Supplied data: Begin

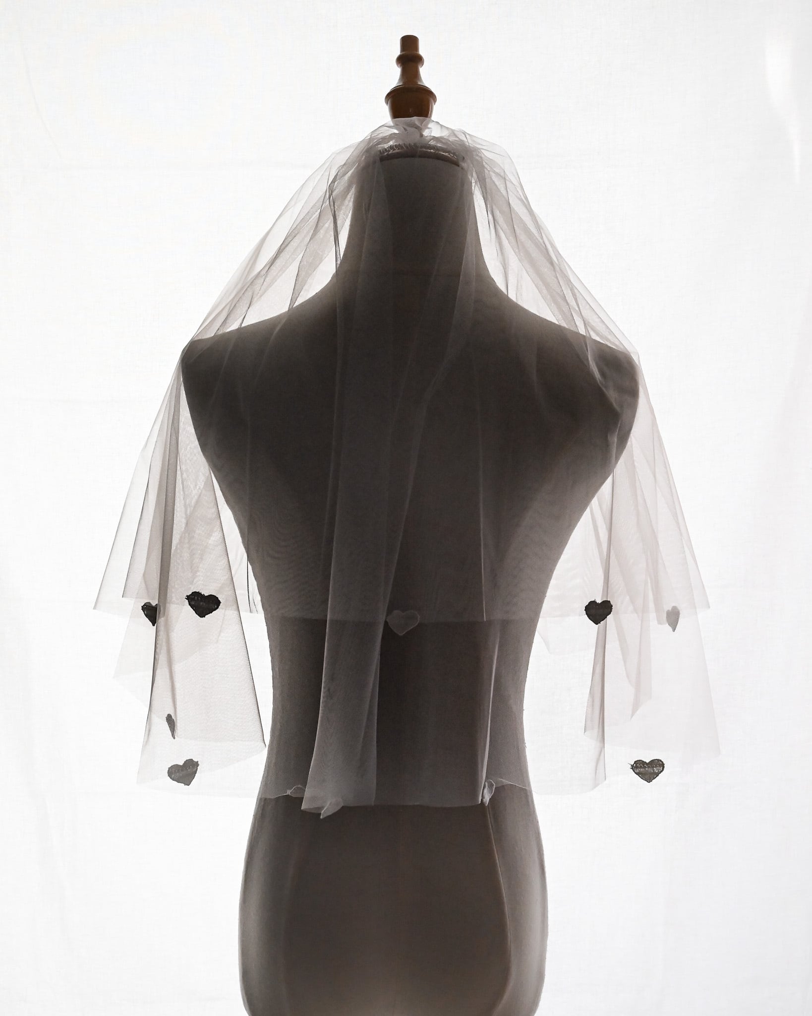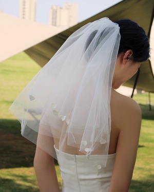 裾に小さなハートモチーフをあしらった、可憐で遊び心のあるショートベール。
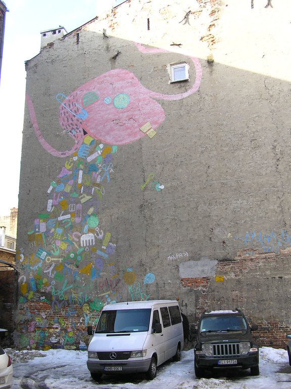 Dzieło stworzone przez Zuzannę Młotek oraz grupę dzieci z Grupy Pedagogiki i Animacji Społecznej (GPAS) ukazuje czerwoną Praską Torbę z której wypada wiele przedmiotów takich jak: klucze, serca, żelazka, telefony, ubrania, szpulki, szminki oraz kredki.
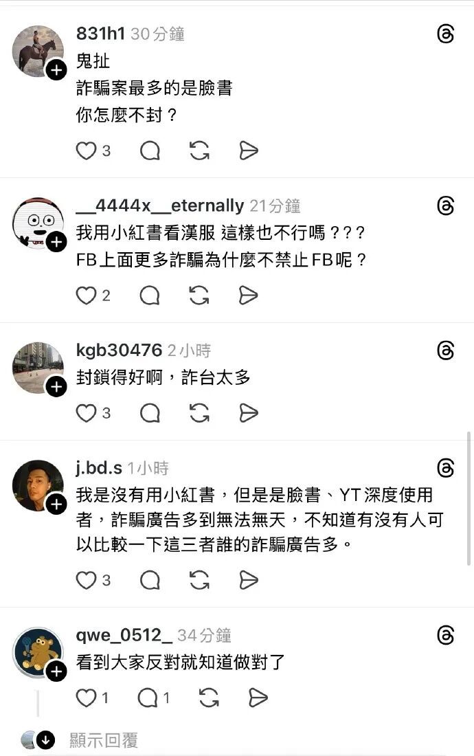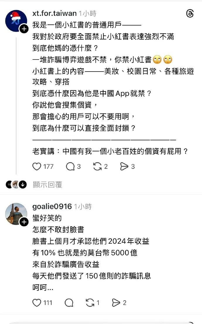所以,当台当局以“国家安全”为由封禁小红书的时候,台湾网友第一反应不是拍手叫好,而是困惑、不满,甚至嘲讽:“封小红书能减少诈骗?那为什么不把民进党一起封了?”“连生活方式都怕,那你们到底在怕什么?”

Supplied data: End

• [Brief] Without the pictures, give every line of the data again, exactly as written.

• [Answer for the task]
 裾に小さなハートモチーフをあしらった、可憐で遊び心のあるショートベール。
 Dzieło stworzone przez Zuzannę Młotek oraz grupę dzieci z Grupy Pedagogiki i Animacji Społecznej (GPAS) ukazuje czerwoną Praską Torbę z której wypada wiele przedmiotów takich jak: klucze, serca, żelazka, telefony, ubrania, szpulki, szminki oraz kredki.
所以,当台当局以“国家安全”为由封禁小红书的时候,台湾网友第一反应不是拍手叫好,而是困惑、不满,甚至嘲讽:“封小红书能减少诈骗?那为什么不把民进党一起封了?”“连生活方式都怕,那你们到底在怕什么?”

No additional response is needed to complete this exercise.